Vaccines vodcast with Dr Philippa Whitford MP

A special episode of my East End Ears podcast is now available and this one is so important that I've also made a video recording of the interview available.

In the episode, I’m joined by Dr Philippa Whitford - SNP Health Spokesperson and Chair of the APPG on Vaccinations - to draw upon her expert knowledge and answer common Covid-19 vaccine questions.

The video can be viewed below, but if you'd prefer to listen to the podcast, visit the East End Ears page to find out how to subscribe and stream the episode. To make the content as accessible as possible, a full transcription of the episode is also available below the video.

Remember also that there's also a dedicated vaccines page on the site with lots of answers to common questions.

Enjoy the show!


Transcription of episode

David: Okay, so this week I’m joined for a special episode of East End Ears - which we’re also putting on Facebook this week – and I’m joined by Dr Philippa Whitford who is the SNP Spokesperson for Health at Westminster, but also Chair of the All-Party Parliamentary Group on Vaccinations. So, vaccines have been hugely topical over the last couple of months particularly as we move to the rollout of the Covid-19 vaccine. I know that many of you have had lots and lots of questions about this so my hope is that for the next twenty minutes or so, we can draw upon Dr Whitford’s very good knowledge on this. So Philippa, thanks very much for joining us. We’ll just dive straight in with the first question if that’s okay? So, we’ve got three different vaccines approved. That’s Pfizer, AstraZeneca and Moderna. They’ve all been approved in Scotland and the rest of the UK with more to come on stream. What does this mean for the fight against the pandemic and based on these three vaccines is there any chance that we’ll return to what we would consider normal this year, i.e. 2021?

Philippa: The vaccines are obviously a huge weapon in the fight against Covid and particularly in protecting the most vulnerable. All the vaccines seem to protect the recipient from severe disease and thereby hopefully protecting them from death. So that’s really important. What we don’t yet know about these vaccines is whether they prevent transmission to someone else or whether you could still carry Covid but you’re not sick yourself and that means you don’t know you’re spreading it to other people and the danger is the more spread you have of virus, the more mutations you get. Coronaviruses mutate all the time and therefore the risk of a future variant that is not protected by the vaccine. So it’s part of the fight but the idea that it’s a magic wand is not quite there. It will make a huge difference but we have to reduce the spread of the virus, that’s still critical. We need to do it on a global basis and many countries don’t have any vaccine at all yet.

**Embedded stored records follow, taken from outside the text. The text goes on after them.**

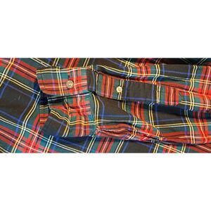 Stylish Polo Ralph Lauren slim fit button-down shirt size large ideal for adding a classic touch to any wardrobe. Could also be a Christmas Shirt. This shirt features a vibrant plaid pattern in shades of red, green, blue & yellow creating a visually appealing design. The shirt is designed with a point collar and finished with a signature embroidered blue pony logo on the chest. Rounded hem
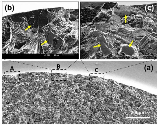 Another typical fractography of multi-point surface crack initiation with three origin sites is presented in Figure 8. The obvious radial ridges, formed during crack propagation, were observed in the vicinity of all three origin sites. This indicates that all three origin sites belong to effective crack initiation points. That is, after these micro-cracks initiate, they grow together and subsequently coalesce with each other. As seen in Figure 3, the multi-point crack initiation behavior was not detected for the smooth specimens, while it prevailed in the notched specimens at R = −1. Meanwhile, with the increase of stress ratio, the number of specimens with multi-point surface crack initiation decreased rapidly. Almost all of the multi-point surface crack initiation failure appeared in the HCF regime (<107 cycles). Similar to the morphology of the single-point surface crack initiation region, facets were detected in the crack initiation region of this failure mode, as shown in Figure 8b,c.
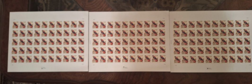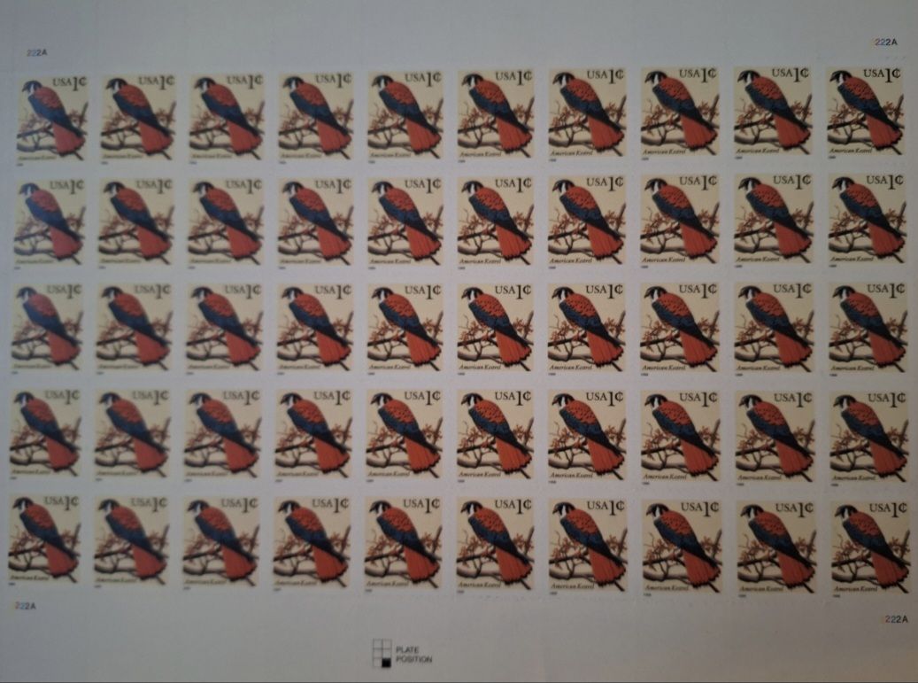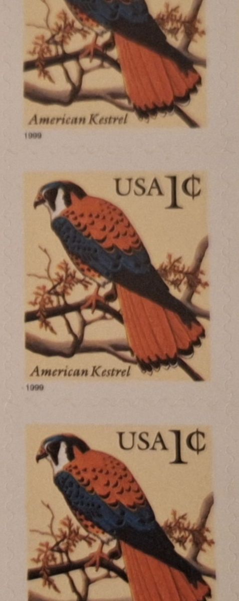Three Sheets of 50 American Kestrel Stamps, From the Year 1999 Unused Postage Stamps, 1 Cent Stamps. Self-Adhesive. 3 sheets of 50 for $22. Or one sheet of 50 for $10. Cash only.
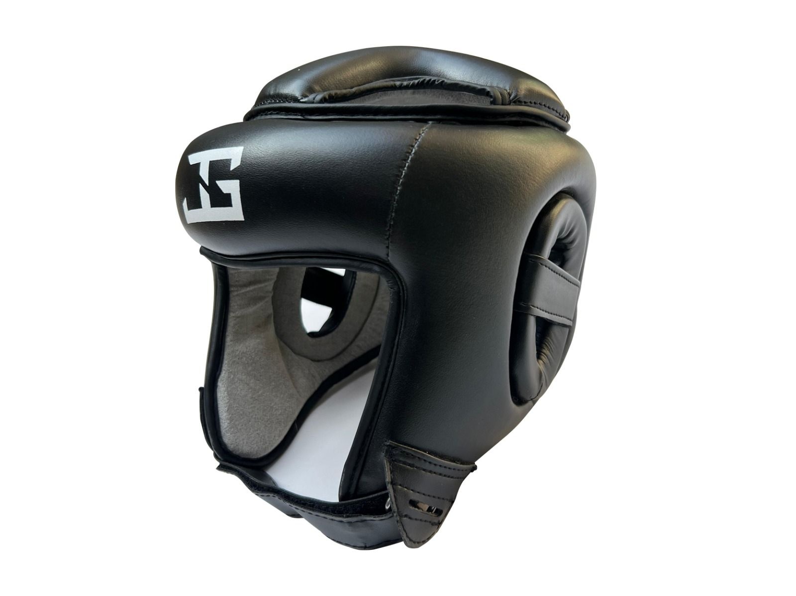 De Joya 'Combat' hoofdbeschermer is bij het gezicht volledig open, gemaakt van PU, verkrijgbaar in verschillende maten.
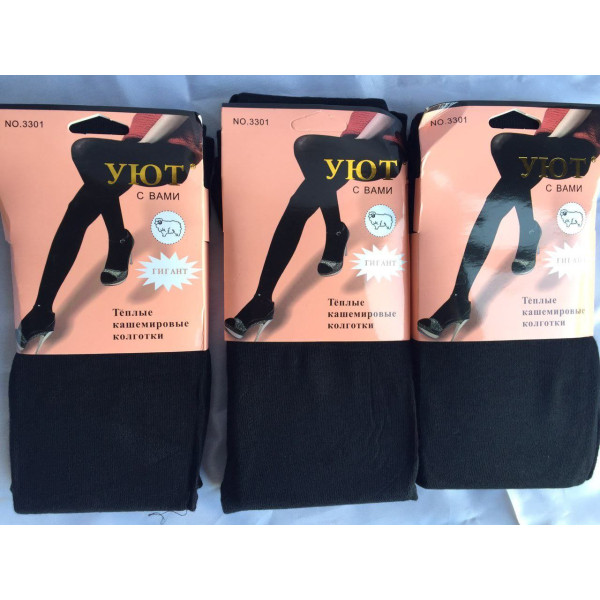 Жіночі теплі колготки (бренд "УЮТ", артикул NO.3301), призначені для великих розмірів (Гігант). Виготовлені з якісного матеріалу з додаванням кашеміру (найтепліший різновид ворсу), що забезпечує максимальний комфорт і тепло. Колготки мають посилену щільність, високу посадку та добре облягають фігуру. Розмір: 56-62 (Гігант/Батал). ОПТ: пачка 10 штук, усі одного розміру, але різних кольорів (як показано на фото).
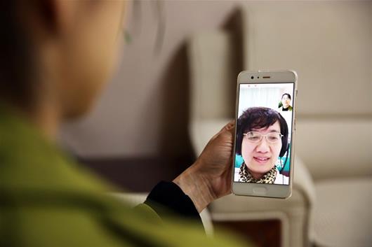 图为慢性病患者在手机上视频问诊
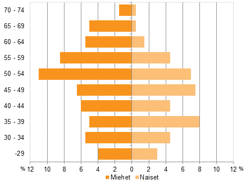 | Miehet | 100,0 | 42,2 | 2,6 | 30,2 | 18,1 | 5,2 | 1,7 |

David: Yeah, absolutely. And one of the other questions a number of constituents will ask regularly is on the issue of care homes, particularly we’ve seen a huge roll-out of the first dose of the vaccine for care homes and a lot of people wondering for example if they work in the NHS, and their mum or dad is in a care home, so they’ve both had their first dose, why it would be that they couldn’t visit their parent in a care home. Can you talk a bit about why there are still restrictions on that?

Philippa: Well obviously we know it takes about three weeks for people to actually develop the immunity. You’re not immune when you walk out of the centre, which some people think. So your immune system has to react to the vaccine, has to develop that protection. So it takes a good three weeks for that to be in place. Certainly Jeane Freeman, our Cabinet Secretary, is talking about, now that Scotland has finished the care home roll-out, to be looking at how to get visiting going. That’s still likely to be with PPE because you couldn’t just say, well we’re only going to let NHS staff visit their relatives. That would be very unequal. It’s more about once the care home residents are protected, we could start to look at that. And I think that will happen on the basis of the first dose, which already provides substantial protection even though it’ll be combined with PPE and other measures at the same time.

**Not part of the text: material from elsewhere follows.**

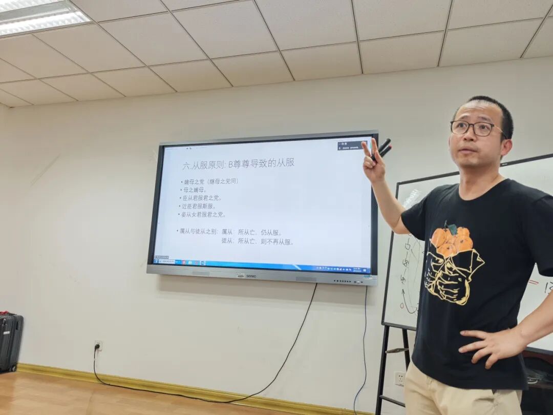 在交流环节,黄铭老师耐心地回应了线上线下师友的提问,并针对孙逸超老师提出的学界存在分歧的“三年丧”问题作出了说明。黄铭老师认为由闻远先生、吴飞老师等采用的“至亲以期断”—加隆—降服的计算方法是正确的,但将起点“至亲以期断”理解成爱敬一体的做法会使得亲亲成为唯一的基础,尊尊变成亲亲的衍生。因此他认为“至亲以期断”是一个假设性的方便法门,即对于至亲的丧期计算都先假设为期年的旁亲,然后再根据所服对象判断是依据亲亲还是尊尊进行加隆,再依据是否传重等因素进行降服。黄铭老师认为这种方式使得亲亲和尊尊取得对等的地位,避免了对主张亲亲、尊尊两套原则并存的公羊学的破坏。
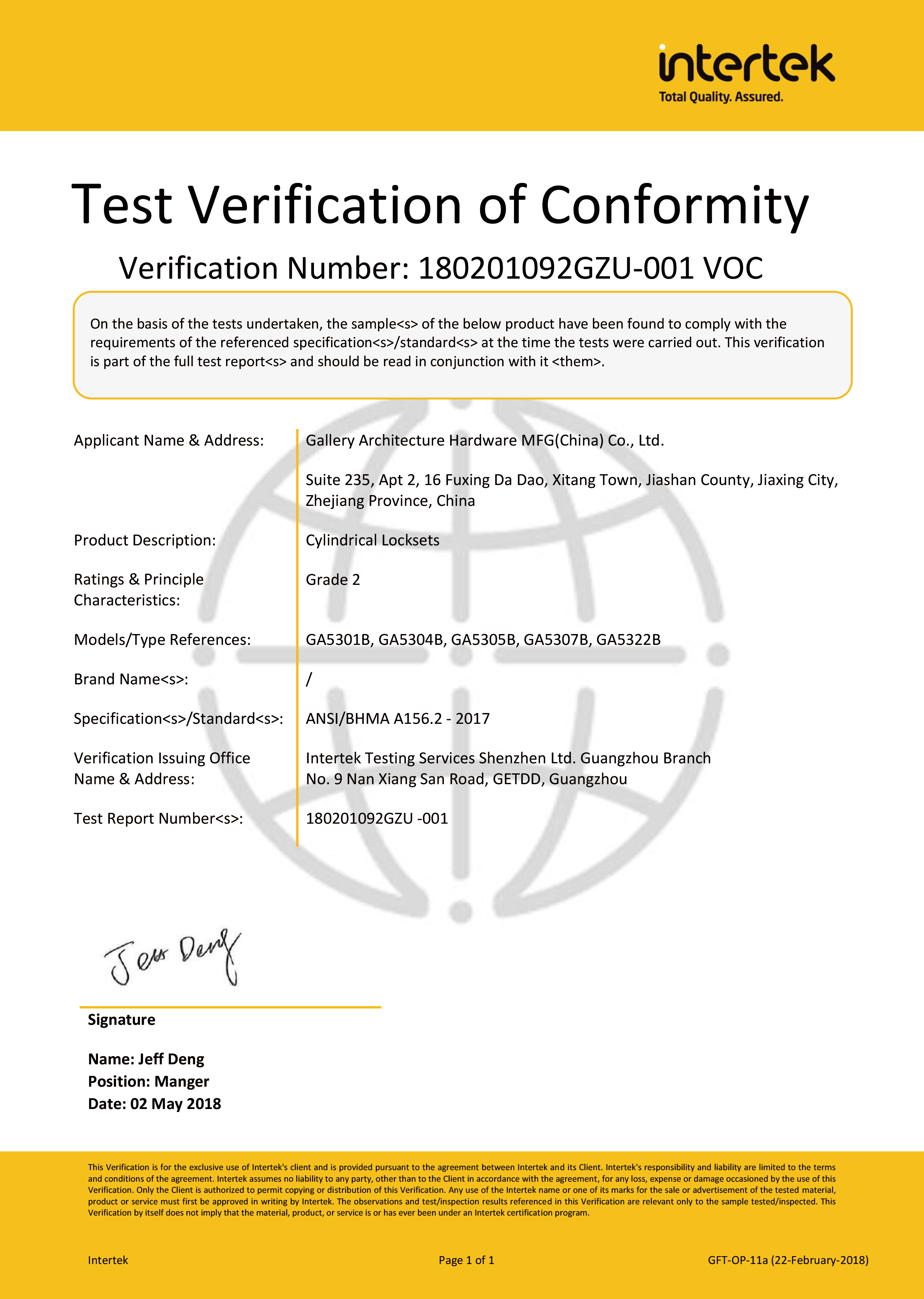 浙江堅(jiān)迪五金制造有限公司始建于 1995 年。自 2003 開始,公司致力于高標(biāo)準(zhǔn)商業(yè)鎖的研發(fā)工作,并于 2006 及 2007 年,8700 插芯鎖系列獲得美國國家標(biāo)準(zhǔn) ANSI A 156.13-2005 一級、ANSI A 156.2-2003 二級和美國 UL 10C3 小時防火測試認(rèn)證。自 1998 年以來,公司不斷提升產(chǎn)品和客戶服務(wù)品質(zhì),并獲得了 ISO 9001 的認(rèn)證。

David: Great, super. And on that theme of the roll-out of the vaccine. Obviously Scotland, England, Wales and Northern Ireland are all having a relatively similar approach, but because of devolution, some decisions are being taken differently. Can you just touch upon the strategy that Scotland’s taking in terms of rolling out the vaccine and how that differs to other parts of the UK?

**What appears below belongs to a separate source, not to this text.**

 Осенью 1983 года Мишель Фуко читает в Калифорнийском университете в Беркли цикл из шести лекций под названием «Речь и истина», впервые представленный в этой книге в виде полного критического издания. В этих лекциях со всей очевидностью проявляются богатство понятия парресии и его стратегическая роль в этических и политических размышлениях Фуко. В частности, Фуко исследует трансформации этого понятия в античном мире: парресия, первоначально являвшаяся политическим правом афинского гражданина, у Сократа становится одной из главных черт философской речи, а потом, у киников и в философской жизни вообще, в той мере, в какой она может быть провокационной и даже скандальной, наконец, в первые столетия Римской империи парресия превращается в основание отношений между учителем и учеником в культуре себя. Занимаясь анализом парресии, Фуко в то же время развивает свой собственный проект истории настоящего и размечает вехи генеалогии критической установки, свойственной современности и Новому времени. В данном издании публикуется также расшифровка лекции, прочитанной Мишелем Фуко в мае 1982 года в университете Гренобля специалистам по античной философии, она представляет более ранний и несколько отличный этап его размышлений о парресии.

Philippa: Well the Joint Committee on Vaccination and Immunisation, or JCVI, were very clear that vaccination should happen in the order of vulnerability. So the people most at risk of severe disease or death should be vaccinated first and that’s care home residents. In December, when vaccinations started, we only had the Pfizer vaccine. The AstraZeneca one only became available in early January. Now, because it needed to be kept in a freezer at -70 and had to be very carefully managed, all the way from that freezer to the patient, the regulator - the UK regulator - said that all had to be one legal body that would take responsibility for it. That meant that in Scotland, because we still have a single NHS, we still have integration of health and social care, that was possible. So health boards were able to already start delivering to care home residents on 8th December. In England, they couldn’t because every hospital trust, every area, is a separate legal body, and so they weren’t able so easily to get on with care home residents and they started with over-80s instead. So we have worked through the JCVI recommendations exactly in that order but of course it takes a lot longer to go into a care home with a whole team and vaccinate and explain and reassure very elderly people, maybe residents with dementia, and getting them to accept the vaccine, than just lining up a lot of fit 70-year-olds or NHS staff or whatever in a big mass vaccination centre. So that’s why our start, actually our start in December, was quicker, because we were able to use Pfizer and then earlier this month looked slower because we were focussing on getting the care home residents finished.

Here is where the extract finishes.